(EXERCISE OBJECTIVE) The task for the listing below is to write out exactly the lines starting at the one containing "#digitalart #digitalpainting #mage" and ending at the one containing "최시은 : 그럼 본격적으로", both included. Pictures are to be omitted.

(EXERCISE DATA)

========================================

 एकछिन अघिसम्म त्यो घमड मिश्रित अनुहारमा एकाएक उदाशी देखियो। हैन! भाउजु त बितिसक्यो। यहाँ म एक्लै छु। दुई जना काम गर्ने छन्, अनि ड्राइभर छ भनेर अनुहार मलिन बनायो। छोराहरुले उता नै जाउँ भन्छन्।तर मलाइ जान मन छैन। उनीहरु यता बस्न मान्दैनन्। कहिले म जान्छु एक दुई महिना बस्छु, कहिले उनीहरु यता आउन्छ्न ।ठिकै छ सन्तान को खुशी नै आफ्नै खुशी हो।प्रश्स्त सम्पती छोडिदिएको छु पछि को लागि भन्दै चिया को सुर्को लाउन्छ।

========================================

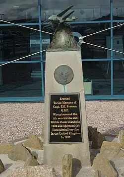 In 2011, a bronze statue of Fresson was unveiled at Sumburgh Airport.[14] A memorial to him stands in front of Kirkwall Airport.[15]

========================================

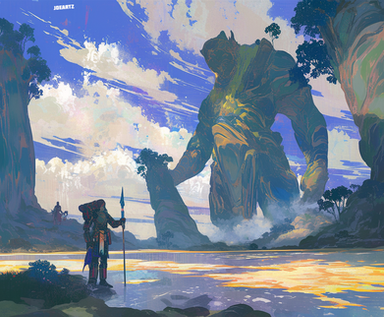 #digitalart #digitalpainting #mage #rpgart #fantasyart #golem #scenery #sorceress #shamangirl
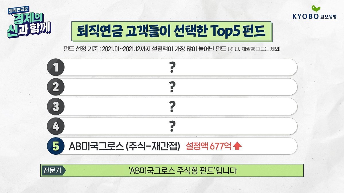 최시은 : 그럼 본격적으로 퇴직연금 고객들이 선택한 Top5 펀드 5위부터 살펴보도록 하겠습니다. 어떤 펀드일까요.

========================================

(ANSWER SECTION)
 #digitalart #digitalpainting #mage #rpgart #fantasyart #golem #scenery #sorceress #shamangirl
 최시은 : 그럼 본격적으로 퇴직연금 고객들이 선택한 Top5 펀드 5위부터 살펴보도록 하겠습니다. 어떤 펀드일까요.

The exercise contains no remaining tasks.